研究課題/領域番号 |
22F22026
|
配分区分 | 補助金 |
研究機関 | 九州大学 |
研究代表者 |
安田 琢麿 九州大学, 高等研究院, 教授 (00401175)
|
研究分担者 |
HWANG SUNBIN 九州大学, 高等研究院, 外国人特別研究員
|
研究期間 (年度) |
2022-09-28 – 2025-03-31
|
キーワード | 有機半導体 / 熱電変換 / ドーピング / イオンゲル / 状態密度増幅 |
研究実績の概要 |
今年度は、本研究の遂行上必須となる有機熱電素子評価に特化した高性能測定・自動分析システムの開発を行った。有機半導体材料の低い電気伝導率から由来する浮遊起電力は有機熱電材料の評価に大きな誤差を与える。これを解決するために従来の測定系に多チャネル高入力インピーダンス計装増幅器を搭載し、有機熱電材料の熱電特性をより精密かつ高速で自動評価・分析できるシステムを新しく構築した。さらに水や酸素に敏感な有機熱電材料を評価するために不活性窒素環境下で特性評価できる環境も構築した。続いて、高性能測定・自動分析システムを用いて、ドーパント材料の種類に関わらず有機半導体の本質的な熱電特性を調べられる革新的な素子プラットフォームを構築した。本研究で開発した誘電率の高いイオンゲル誘電層を用いた両極性有機熱電変換素子評価プラットフォームは、真性有機半導体のフェルミ準位をイオンゲルで電気化学的に大きく変調しp-n型両熱電変換特性を調べることができる。また、イオン液体の濃度を調整したイオンゲル誘電層を利用しているため酸化・還元状態を意図的に長時間保持することができ、一種の半導体とイオンゲルのみでp-n型両熱電変換素子を作製できるためコスト削減に繋がる有機両極性熱電変換素子を実現できる。キャリア移動度の高い有機半導体から新規材料まで、材料そのものが有する潜在熱電変換特性を網羅的に調査できるため、有機熱電材料の研究開発や材料探索に大きな役割を果たすことが期待できる。
|
現在までの達成度 (区分) |
現在までの達成度 (区分)
2: おおむね順調に進展している
理由
有機熱電材料の最適な熱電特性を引き出すためには、有機半導体に適切なドーパントを用いて化学的なドーピングを行う必要がある。ドーパント材料の種類に関わらず有機半導体の本質的な熱電特性を調べるために、本研究では誘電率の高いイオンゲル誘電層を利用した素子評価プラットフォームを構築した。
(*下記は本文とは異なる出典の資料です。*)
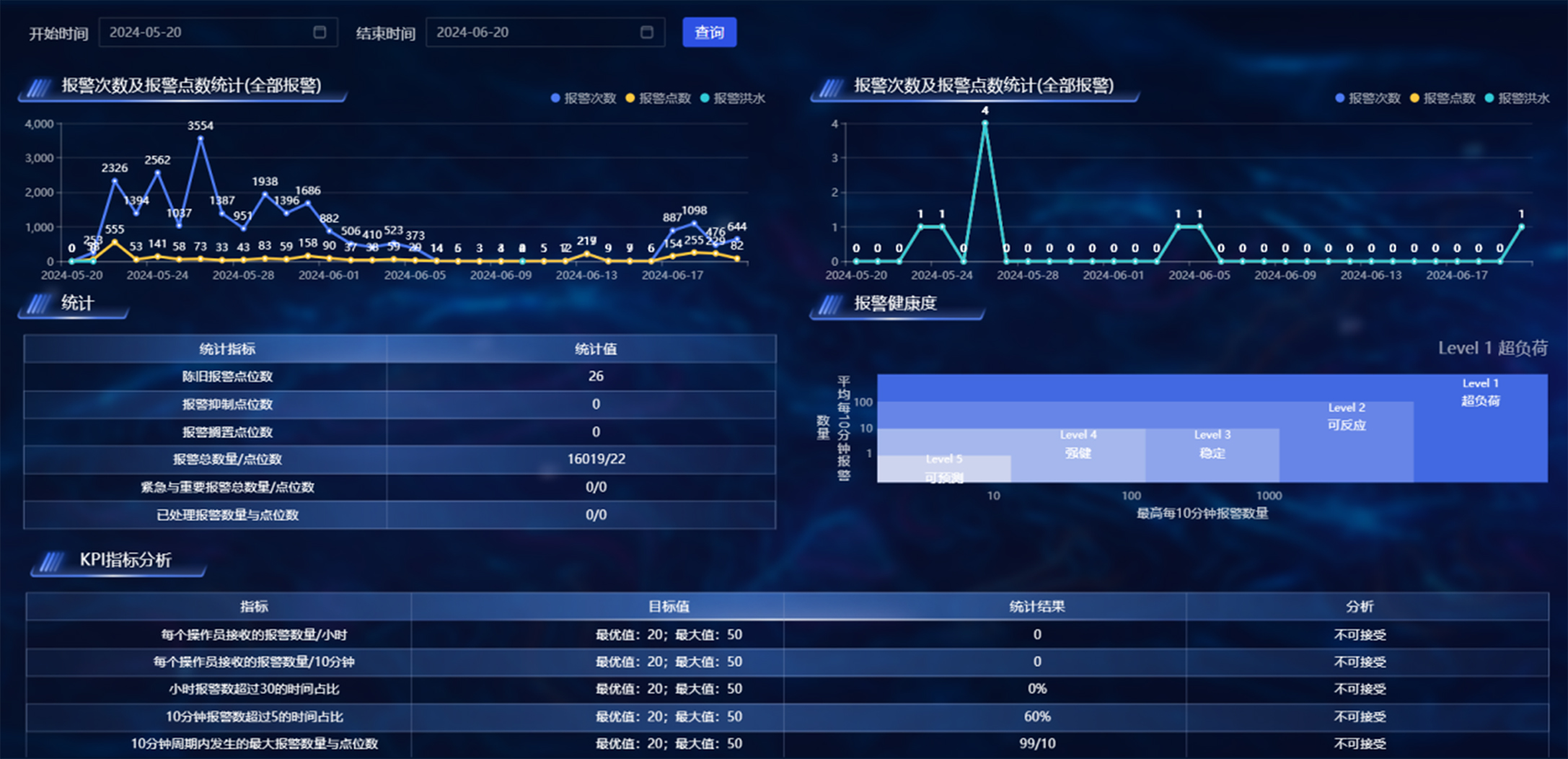 具備報警數(shù)據(jù)多維度分析評估功能,實(shí)現(xiàn)對生產(chǎn)過程中報警的在線實(shí)時監(jiān)測與故障分析,為裝置人員進(jìn)行報警處置與消除優(yōu)化提供指導(dǎo);

素子プラットファームの具体的な構造としては、下部電極パターンの上に絶縁性レジスト樹脂を用いてフォトリソグラフィで作製した空洞があり、半導体材料とイオンゲル、そして上部電極が積層された構造をもつ一つのセルで構成される。実際の測定では、セルの対角方位に位置する四つ電極からは温度差、熱起電力、四端子電気伝導率の測定を逐次的に行うことができ、電界効果トランジスタのようにゲートバイアス電圧を印加した時の特性を網羅的に計測できる仕組みとなっている。さらに、透明なガラス基板と透明電極を用いることで半導体がイオン液体によって酸化・還元ドーピングされる際のバンド幅の変化などの光学特性変化を組み合わせて調べることもできる。 今年度は短期間であったが、有機熱電素子評価に特化した高性能測定・自動分析システムの開発を行い、ドーパント材料の種類に関わらず有機半導体の本質的な熱電特性を網羅的に調べられる素子プラットフォームを構築することに成功した。必須分析装置と素子評価プラットフォームの立ち上げ作業が予定通り完了したので、次年度の研究実施計画に移行し、潜在能力の高いコア有機半導体の探索に取り掛かる予定である。
|
今後の研究の推進方策 |
熱電変換素子の電力変換効率が低下する最大の原因は、高濃度にキャリアドープされた半導体が高い電気伝導率を示す一方で、Seebeck係数がそれに従い激減することにある。今後は、立ち上げた有機熱電素子評価に特化した高性能測定・自動分析システムを使用して、潜在能力の高いコア有機半導体を探索する。その後、上記の根本課題を解決するために、局所的に状態密度を高めることができる有効な状態密度増幅材料の探索を行い、コア有機半導体に適応させることで、高い電気伝導率を維持しながらSeebeck係数を増幅できる熱電変換素子の開発を行い、熱電変換効率のさらなる向上を試みる予定である。